What the exercise asks: Transcribe the listing below word for word but skip its images.

Given entries:
..........

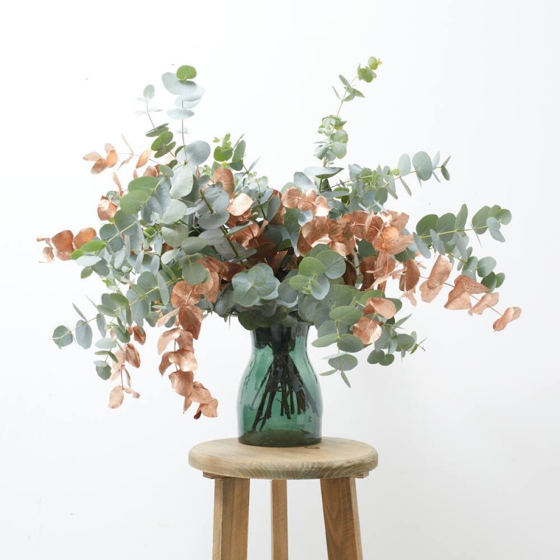 Este ramo tiene una combinación de hojas de eucalipto verdes y hojas de eucalipto teñidas en tonos cobre, creando un contraste visual atractivo y elegante. Las hojas de eucalipto, con su característico color verde azulado, aportan frescura y un toque silvestre, mientras que las hojas en tonos cobrizos añaden un aire cálido y otoñal. Este ramo destaca por su simplicidad y armonía de colores, ideal para quienes buscan un arreglo que combine lo natural con un toque sofisticado y moderno. La mezcla de texturas y colores hace que sea un arreglo llamativo sin ser recargado.
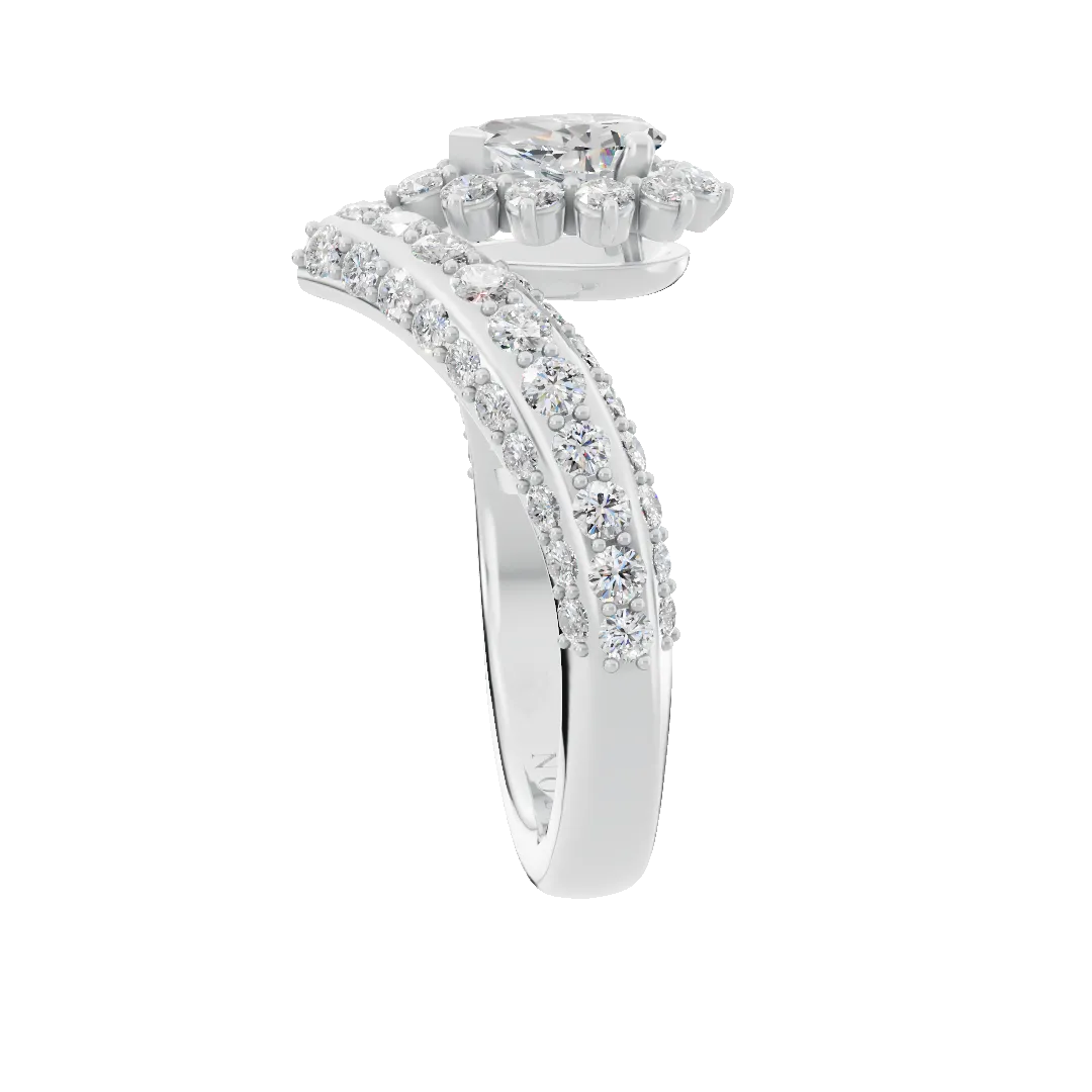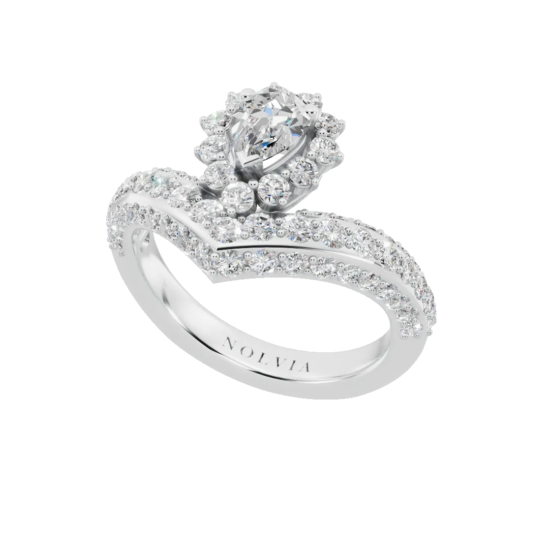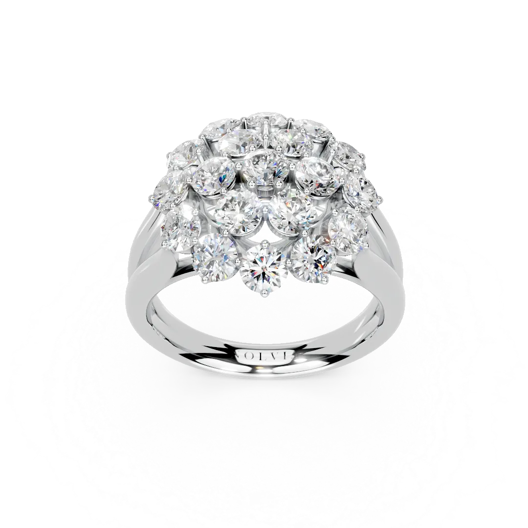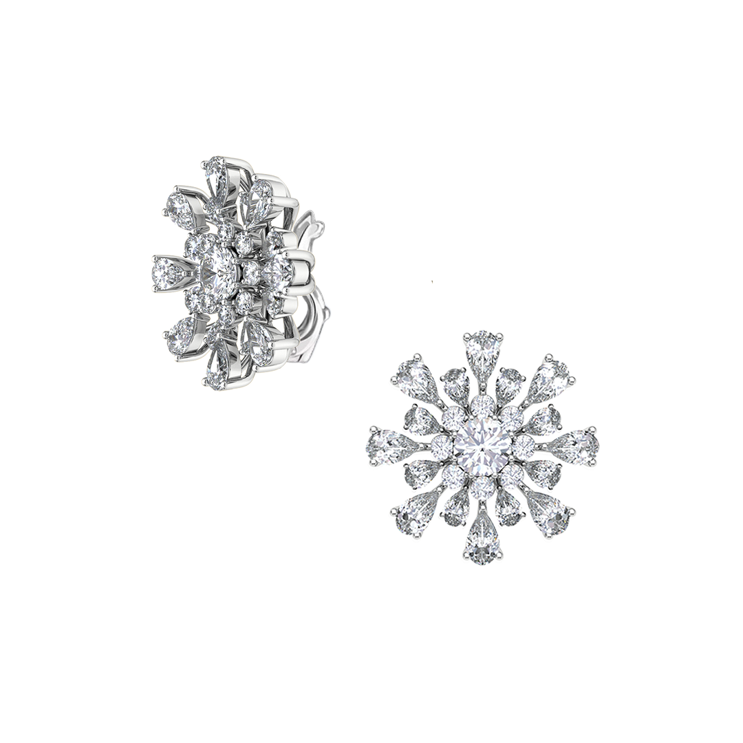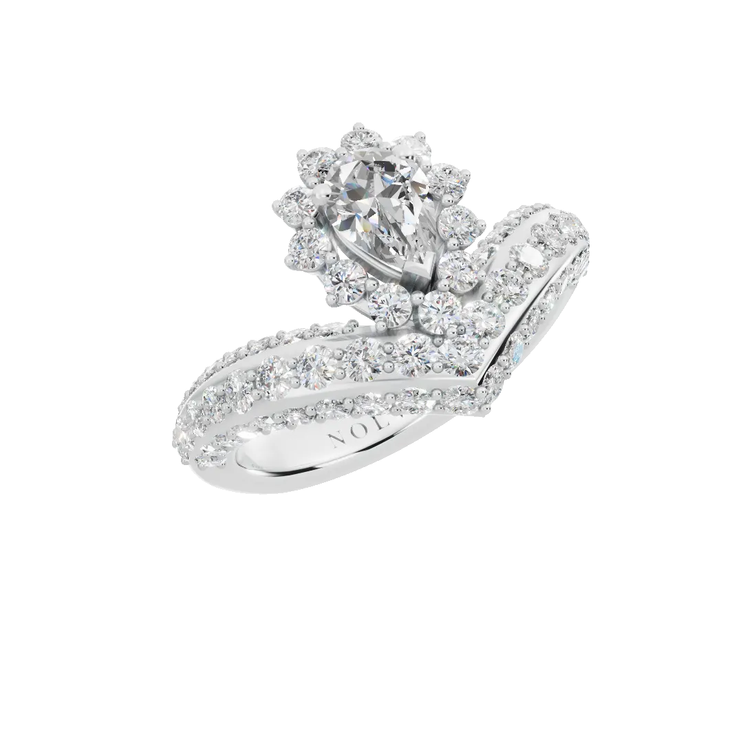 柔らかな曲線が描くシルエットと、存在感を放つ19石の光の粒が織りなすシンチレーションが、美しいデザインです。
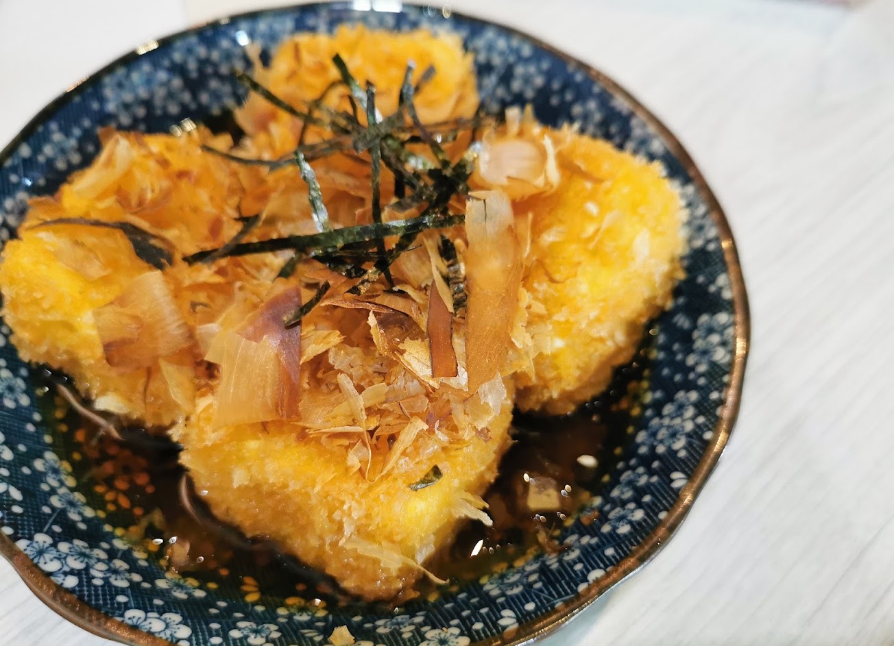烏龍麵Q彈,楊出豆腐外脆內嫩,好吃
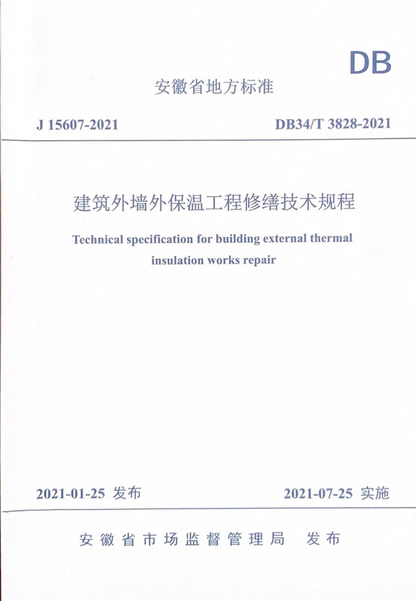 根据安徽省市场监督管理局《关于下达2018年第三批安徽省地方标准制修订计划的函》(皖市监函〔2019〕10号)要求,2021年1月25日,安徽三建工程有限公司参与编制的省级地方标准《建筑外墙外保温工程修缮技术规程》(DB34/T 3828-2021)由安徽省市场监督管理局正式批准发布,该《规程》于2021年7月25日正式实施。其中,安徽三建工程有限公司副总工程师陈雷负责主编了该《规程》主要内容的施工与验收两个章节。
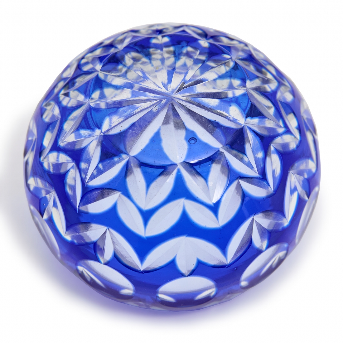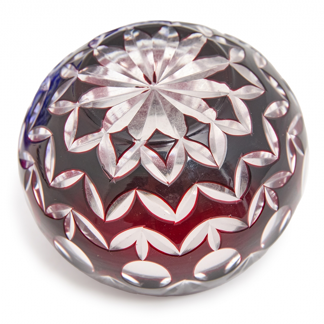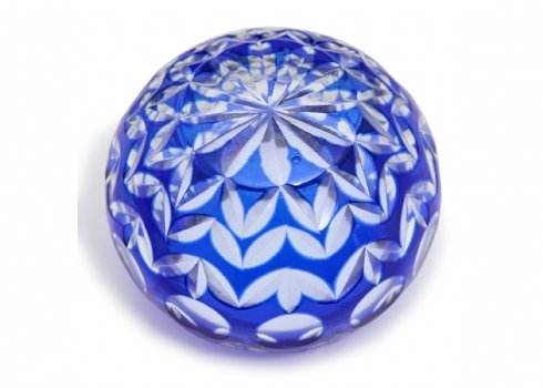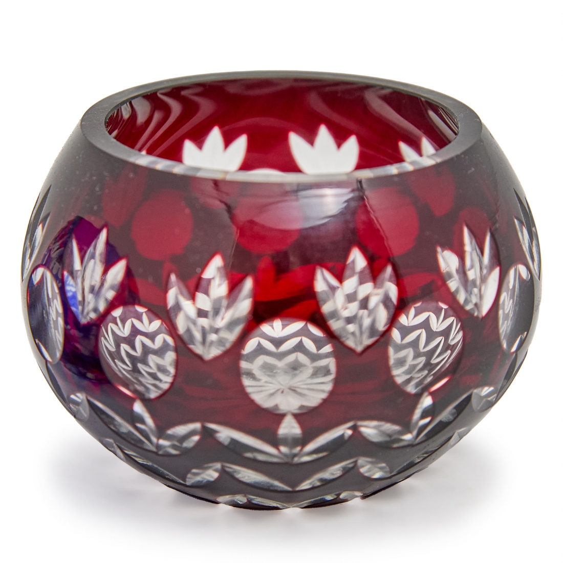 סט כלי קריסטל קטנים רומניים מלוטשים ביד בצבעי בורדו וכחול
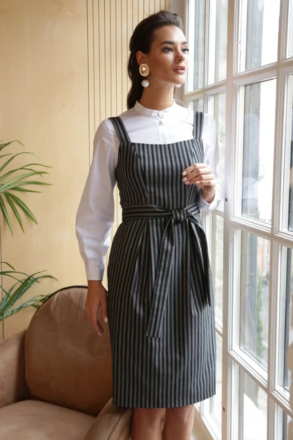Сарафан женский, полуприлегающего силуэта. Выполнен из высококачественной поливискозы. Изделие на бретелях. Изделие разрезное по линии талии. Лиф переда с нагрудными вытачками. Юбка с встречными складками. Спинка разрезная, с средним швом. В который втачана потайная тесьма молния.
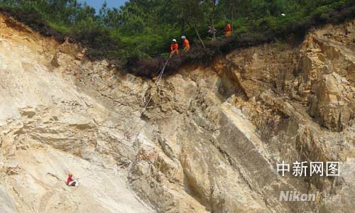 根据现场情况,指挥员和现场人员商议,考虑如果派消防员下悬崖救人,由于峭壁疏松可能使山上岩石塌落威胁被困者,于是决定采用从悬崖上放下救生绳索,并指导被困者使用绳索将自己绑住后拉上来的救援办法。随后,消防官兵一边安抚被困者稳定情绪,一边放下绳索指导其正确使用。
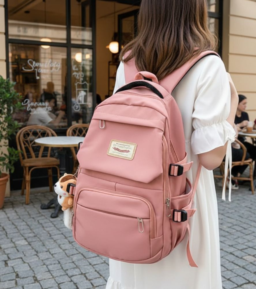 Its modern Korean-inspired design makes it a trendy choice for teenagers and girls, suitable for school, college, or work. With adjustable shoulder straps and a practical build, this backpack combines fashion with functionality, ensuring comfort and convenience for everyday use.
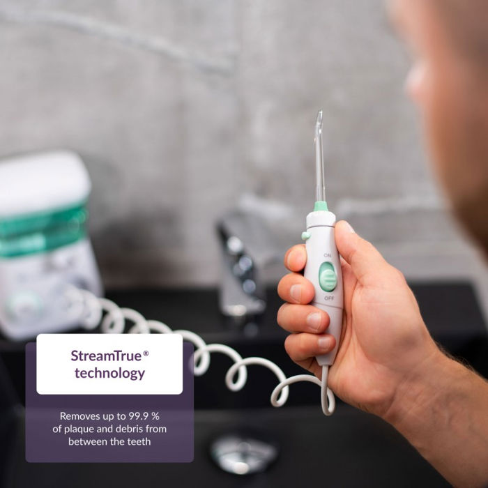 Zašto je dobro koristiti zubni tuš AquaFloss Station? Poboljšava cirkulaciju krvi u desnima. Nježno masira i stimulira desni. Uništava štetne bakterije u međuzubnom prostoru i na rubu desni. Nudi dodatnu zaštitu kod ozljeda i upala zubnog mesa. Bori se protiv upala, karijesa i sveobuhvatno poboljšava zdravlje desni i usne šupljine. Pomaže u uklanjanju neugodnog zadaha i poboljšava oralnu higijenu. Savršeno sredstvo za čišćenje zubnih aparata, ispuna i implantata. StreamTrue® tehnologija Mikromjehurići koji se sastoje od vode i zraka pod visokim pritiskom potiskuju u međuzubni prostor i tako učinkovito uklanjaju čak 99% naslaga i prljavštine na teško dostupnim mjestima.

..........

Task output:
 Este ramo tiene una combinación de hojas de eucalipto verdes y hojas de eucalipto teñidas en tonos cobre, creando un contraste visual atractivo y elegante. Las hojas de eucalipto, con su característico color verde azulado, aportan frescura y un toque silvestre, mientras que las hojas en tonos cobrizos añaden un aire cálido y otoñal. Este ramo destaca por su simplicidad y armonía de colores, ideal para quienes buscan un arreglo que combine lo natural con un toque sofisticado y moderno. La mezcla de texturas y colores hace que sea un arreglo llamativo sin ser recargado.
 柔らかな曲線が描くシルエットと、存在感を放つ19石の光の粒が織りなすシンチレーションが、美しいデザインです。
烏龍麵Q彈,楊出豆腐外脆內嫩,好吃
 根据安徽省市场监督管理局《关于下达2018年第三批安徽省地方标准制修订计划的函》(皖市监函〔2019〕10号)要求,2021年1月25日,安徽三建工程有限公司参与编制的省级地方标准《建筑外墙外保温工程修缮技术规程》(DB34/T 3828-2021)由安徽省市场监督管理局正式批准发布,该《规程》于2021年7月25日正式实施。其中,安徽三建工程有限公司副总工程师陈雷负责主编了该《规程》主要内容的施工与验收两个章节。
 סט כלי קריסטל קטנים רומניים מלוטשים ביד בצבעי בורדו וכחול
Сарафан женский, полуприлегающего силуэта. Выполнен из высококачественной поливискозы. Изделие на бретелях. Изделие разрезное по линии талии. Лиф переда с нагрудными вытачками. Юбка с встречными складками. Спинка разрезная, с средним швом. В который втачана потайная тесьма молния.
 根据现场情况,指挥员和现场人员商议,考虑如果派消防员下悬崖救人,由于峭壁疏松可能使山上岩石塌落威胁被困者,于是决定采用从悬崖上放下救生绳索,并指导被困者使用绳索将自己绑住后拉上来的救援办法。随后,消防官兵一边安抚被困者稳定情绪,一边放下绳索指导其正确使用。
 Its modern Korean-inspired design makes it a trendy choice for teenagers and girls, suitable for school, college, or work. With adjustable shoulder straps and a practical build, this backpack combines fashion with functionality, ensuring comfort and convenience for everyday use.
 Zašto je dobro koristiti zubni tuš AquaFloss Station? Poboljšava cirkulaciju krvi u desnima. Nježno masira i stimulira desni. Uništava štetne bakterije u međuzubnom prostoru i na rubu desni. Nudi dodatnu zaštitu kod ozljeda i upala zubnog mesa. Bori se protiv upala, karijesa i sveobuhvatno poboljšava zdravlje desni i usne šupljine. Pomaže u uklanjanju neugodnog zadaha i poboljšava oralnu higijenu. Savršeno sredstvo za čišćenje zubnih aparata, ispuna i implantata. StreamTrue® tehnologija Mikromjehurići koji se sastoje od vode i zraka pod visokim pritiskom potiskuju u međuzubni prostor i tako učinkovito uklanjaju čak 99% naslaga i prljavštine na teško dostupnim mjestima.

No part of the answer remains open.